Lead author biography

Shanshan Wang (MD) is a fellow cardiologist and an echocardiographer at the Second Affiliated Hospital of Soochow University.

Supplementary material

Supplementary material is available at European Heart Journal - Case Reports online.

Slide sets: A fully edited slide set detailing this case and suitable for local presentation is available online as Supplementary data.

Consent: The authors confirm that written consent for submission and publication of this case report including images and associated text has been obtained from the patient in line with COPE guidance.
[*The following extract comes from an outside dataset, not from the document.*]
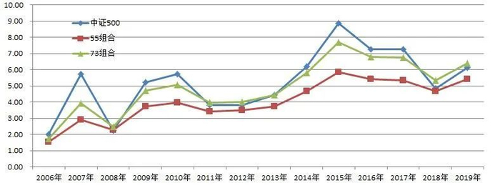 55组合最大的年度跌幅只有满仓股票指数的1/3左右,但是累计收益接近。

Conflict of interest: None declared.

Funding: None declared.

Click here for additional data file.

Time	Events
12 months before	Patient developed oedema of her lower limbs.
Day 0	Upon admission, patient presented with obvious chest pain and dyspnoea.
Day 1	Transthoracic echocardiography showed pericardial effusion, enlarged left atria, abnormal myocardial segmental deformation, left ventricular hypertrophy, and pulmonary hypertension.
Day 10	Impression	POEMS syndrome diagnosed at clinic based on: polyneuropathy, monoclonal plasmaproliferative disorder, sclerotic bone lesions, elevated vascular endothelial growth factor (VEGF), organomegaly, oedema, endocrinopathy, and skin changes.
	Treatment	Bortezomib, dexamethasone, and diuretics
Day 18	Patient is discharged
One-month follow-up	Patient’s cardiac function had markedly improved, body weight had decreased by 10 kg, and oedema was obviously decreased.
Three-month follow-up	Echocardiography showed that the pericardial effusion was diminished, while cardiac function, left ventricular wall thickness, and systolic pulmonary artery pressure gradually returned to normal. Serum VEGF was significantly decreased, accompanied by the marked recovery of impaired nerve conduction. Serum and urinary light chain and M-protein levels became negative.

Table 1

Echocardiographic characteristics of the patient before and after treatment

Characteristics	Before treatment	After treatment
LAA (cm2)	21.5	15.3
EDV (mL)	96.3	84.3
ESV (mL)	46	29.6
LVEF (%)	52.2	64.9
IVSd (mm)	13	9.0
LVPWd (mm)	13	9.0
LVd mass index (g/m2)	181.6	97.5
FAC (%)	39	45
TAPSE (mm)	19.2	23
E/E′	14	8.1
GLS-Avg	−12.3%	−19.1%
PASP (mmHg)	46	21

EDV, end-diastolic volume; ESV, end-systolic volume; FAC, fractional area changes; GLS-Avg, global longitudinal strain-average; IVSd, inter-ventricular septum thickness at end-diastole; LAA, left atrium area; LVEF, left ventricular ejection fraction; LVPWd, left ventricular posterior wall thickness at end-diastole; PASP, pulmonary artery systolic pressure; TAPSE, tricuspid annular plane systolic excursion.